Scientists at the University of Texas Health Science Center at Houston recently developed a new electrical mechanism that controls the molecular switches that regulate human cell growth. The information could go a long way in developing new drugs for patients with cancer.

The research focused on a molecular switch called K-Ras. Mutated versions of the molecular switch are found in about 20% of all human cancers in the United States, and these mutations lock the K-Ras switch in the on position.

“When K-Ras is locked in the on position, it drives cell division, which leads to the production of a cancer,” said study senior John Hancock, MB, B.Chir, PhD, ScD. “We have identified a completely new molecular mechanism that further enhances the activity of K-Ras.”

The study focused on the tiny electrical charges that all cells carry across the limiting plasma membrane.

“What we have shown is that the electrical potential (charge) that a cell carries is inversely proportional to the strength of a K-Ras signal,” Dr.
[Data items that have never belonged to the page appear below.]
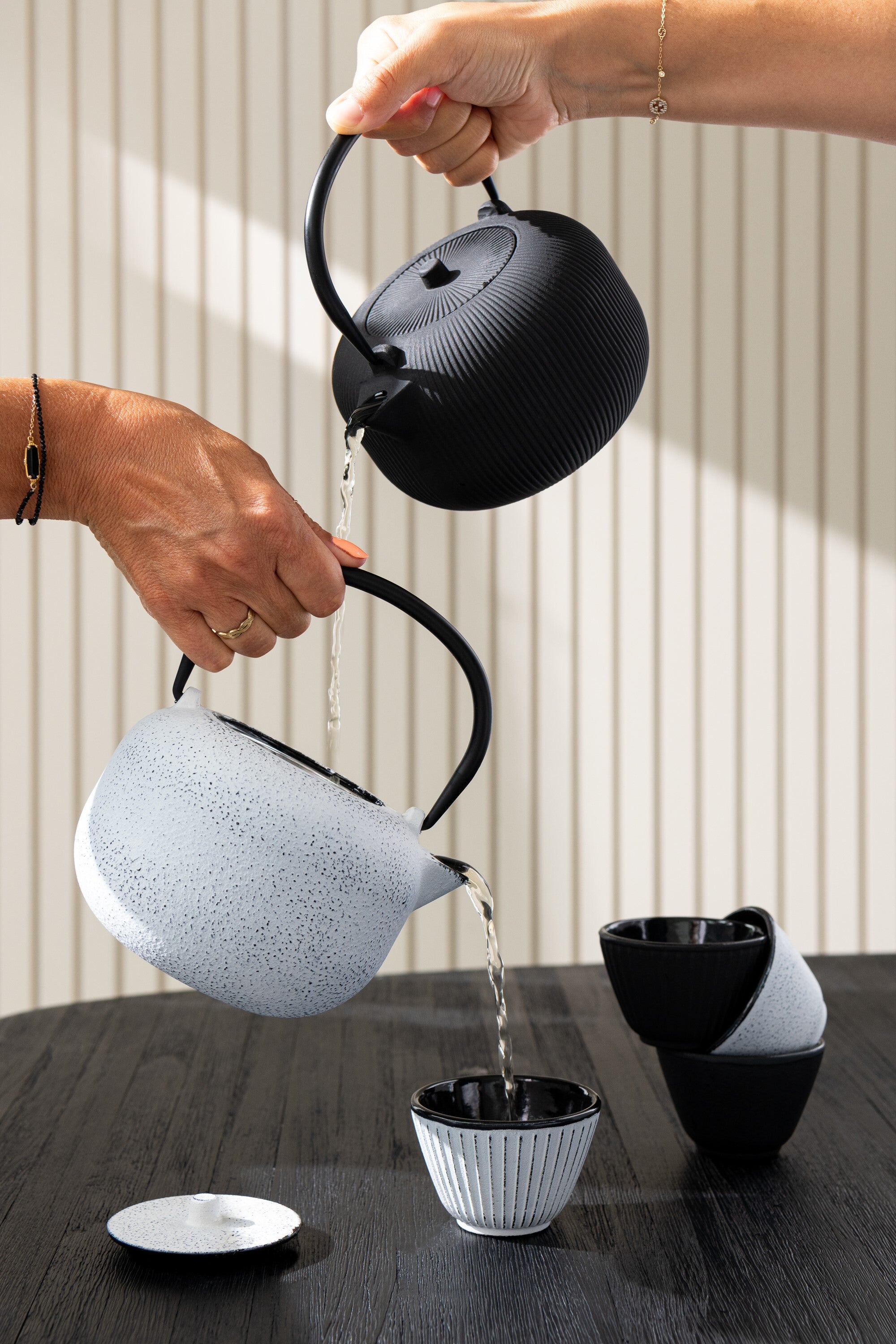 J-Line theepot + tas - keramiek - zwart wit - giftbox
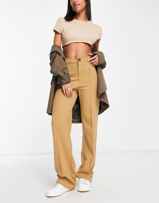 Pantalon camel outlet taille haute, Pantalon large et droit taille haute Pimkie outlet
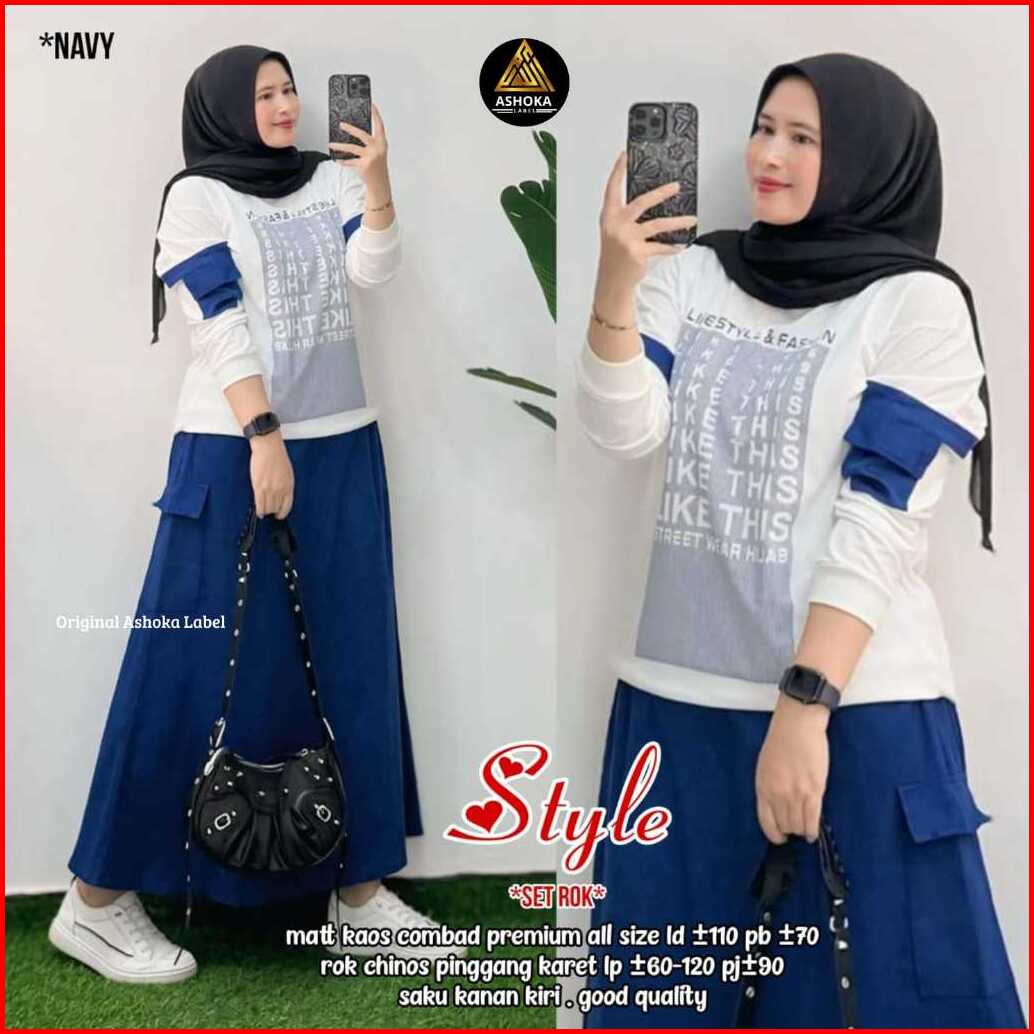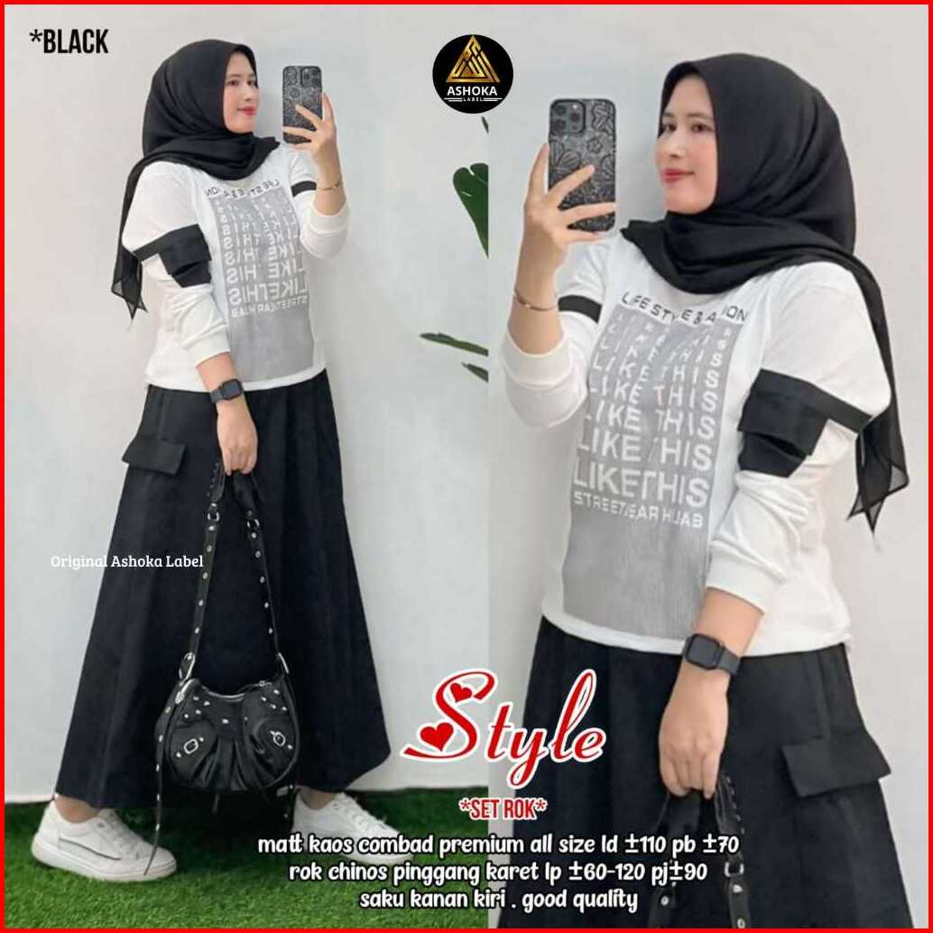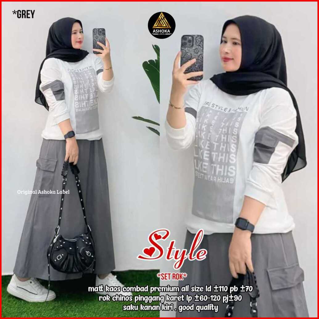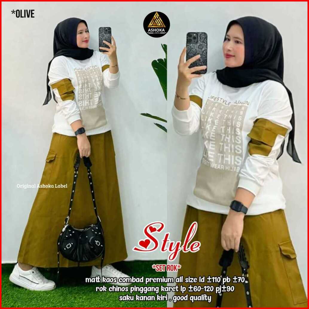 Style Set By Ahsoka Setelan Wanita Atasan Mix Rok Bahan Kaso Combad Mix Chinos Premium Best Seller
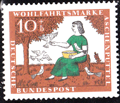 Auf dieser Marke (MiNr 485) aus der Wohlfahrtsmarkenserie 1965 lässt sich Aschenputtel von den Tauben beim Sortieren der Linsen helfen.
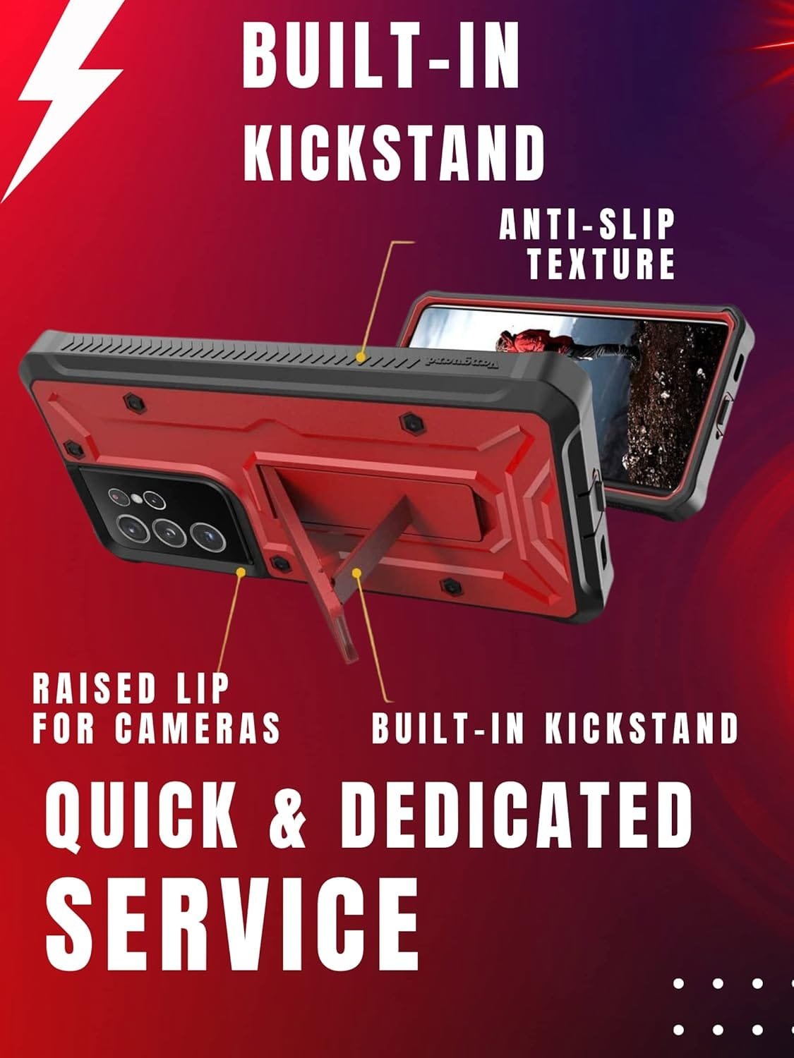 ✅ Reinforced corners and raised lips to protect the screen and camera, plus a built-in kickstand
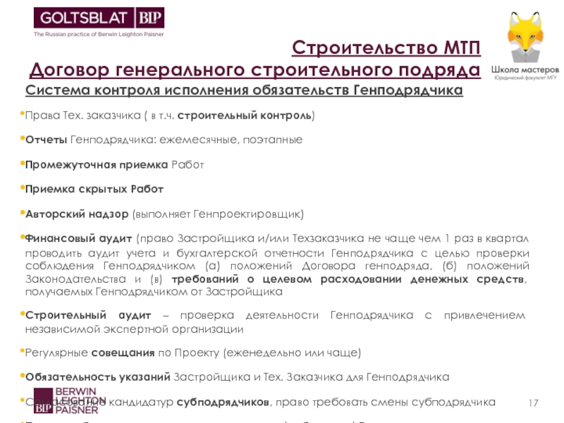 Обязательность указаний Застройщика и Тех. Заказчика для Генподрядчика
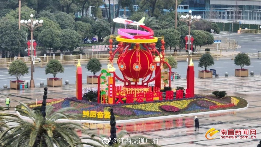 【南昌八一广场新春花卉造型亮相】1月15日,是我国南方传统节日“小年”。当日,八一广场春节立体花卉造型“大展宏图,飞翔南昌”精彩亮相。该造型高13米,长48米,由大型灯笼花灯和特色花墙组成,并配以29万盆报春花、三色堇、紫罗兰等时令花卉,营造出祥和喜庆的春节氛围。
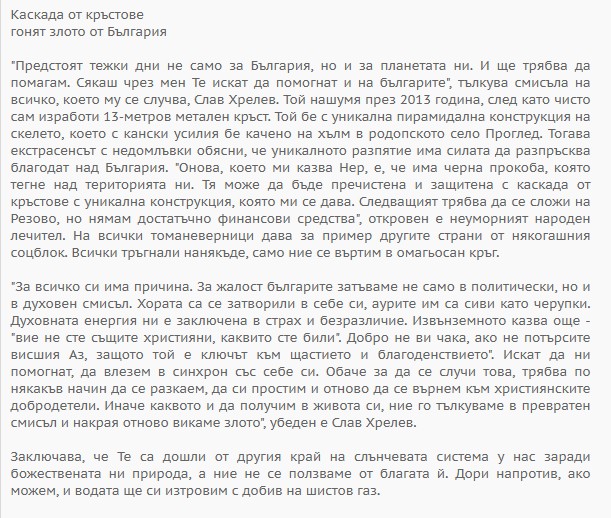 След всичко написано по-горе някои читатели ще реагират остро, даже ще кажат, че това са пълни глупости. Други ще останат безразлични, а трети ще бъдат доволни да научат онова, което споделя с нас лечителят Слав Хрелев.
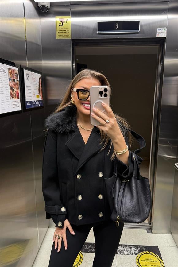 Lüx Kalite Yakası Kürklü Apoletli Kaşe Trenç kaban Lüx Kalite Yakası Kürklü Apoletli Kaşe Trenç kaban Siyah
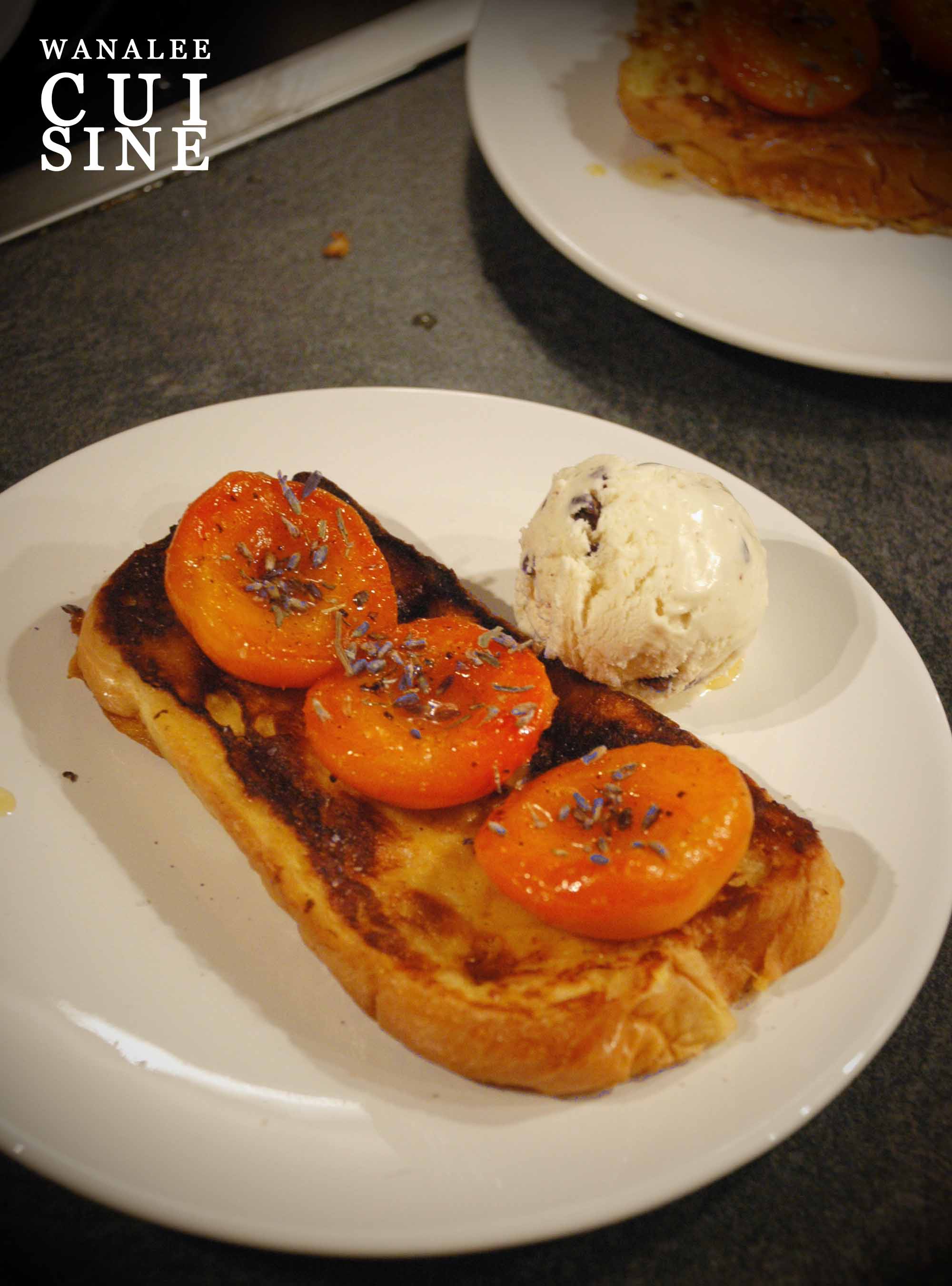 Servir les demi abricots poêlés déposés sur les tranches de brioche puis parsemer de quelques fleurs de lavande restantes. Ajouter éventuellement une boule de glace vanille.
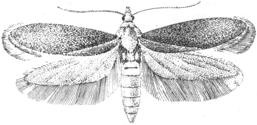 成虫体长5.5~7毫米,翅展13~13.5毫米,土黄色。前翅散有黑褐色鳞片,略带银灰色光泽,第五径脉由第四径脉1/4处分出;后翅梯形、灰褐色。雌蛾腹部末端丛毛排列整齐(见图)。卵长椭圆形,表面有粗糙皱纹。末龄幼虫体长10~13毫米,色黄白,胸部稍肥大,虫体多皱褶,第三至第七腹节7毛3根单独着生,第九腹节4、5毛在一毛片上,6毛单独存在。腹足趾钩环形单序,趾钩约14~15个;臀足趾钩单序横带,趾钩约9个。蛹纺锤形,长5~8毫米,棕色,触角伸达翅芽末端内侧,后足伸超翅芽末端。臀棘微小、钩齿状,两侧着生尖端弯曲的刚毛。
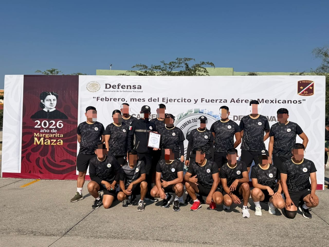 En esta jornada deportiva desarrollada en la 20/a Zona Militar, en Colima, integrantes de la #GuardiaNacional reafirma su compromiso con los valores institucionales promovidos por el Ejército Mexicano, Fuerza Aérea Mexicana y Guardia Nacional.
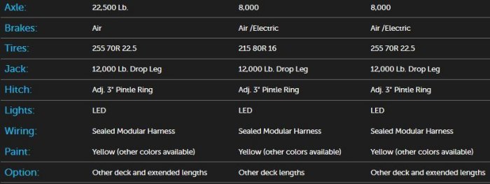 Capacity: 14,000 Lb, 16,000 Lb, 30,000 Lb. Extension: Manual, Manual, Manual With Roller. Overall Width: 96”/102”, 96”/102”, 96”/102”. Length: 22’ – 32’, 21’ – 31,’ 27’ – 42’. Main Frame: Tube, Tube, Tube.
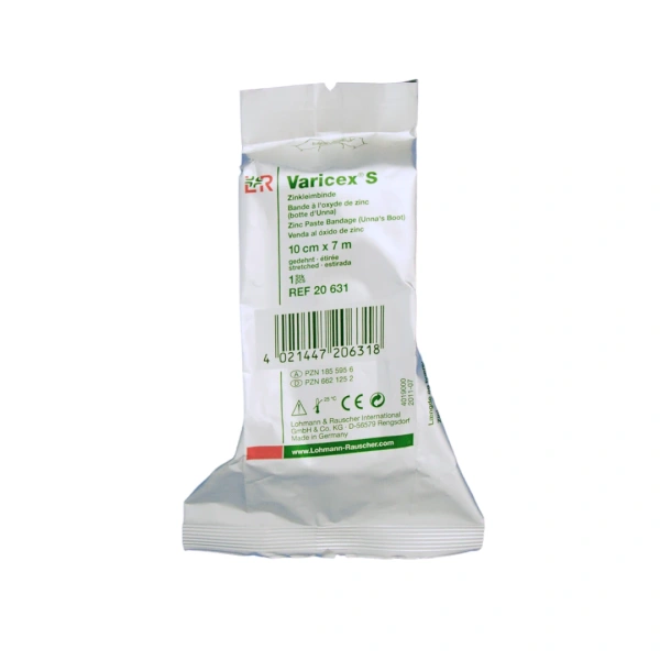 Varicex S to opaska dziana, elastyczna, rozciągana zarówna wzdłuż, jak i wszerz; z pastą cynkową.

Hancock said.

Using a high-powered electron microscope, scientists were able to observe that certain lipid molecules in the plasma membrane respond to an electrical charge. In turn, it amplifies the output of the Ras signaling circuit, just like a transistor does in an electronic circuit board.

“Our results may finally account for a long-standing but unexplained observation that many cancer cells actively try to reduce their electrical charge,” said first author Yong Zhou, PhD, assistant professor of integrative biology and pharmacology at UTHealth Medical School.

The initial work was done with human and animal cells, with the findings later confirmed in fruit fly models on membrane organization.

“This has huge implications for biology,” Hancock said. “Beyond the immediate relevance to K-Ras in cancer, it is a completely new way that cells can use electrical charge to control a multitude of signaling pathways, which may be particularly relevant to the nervous system.”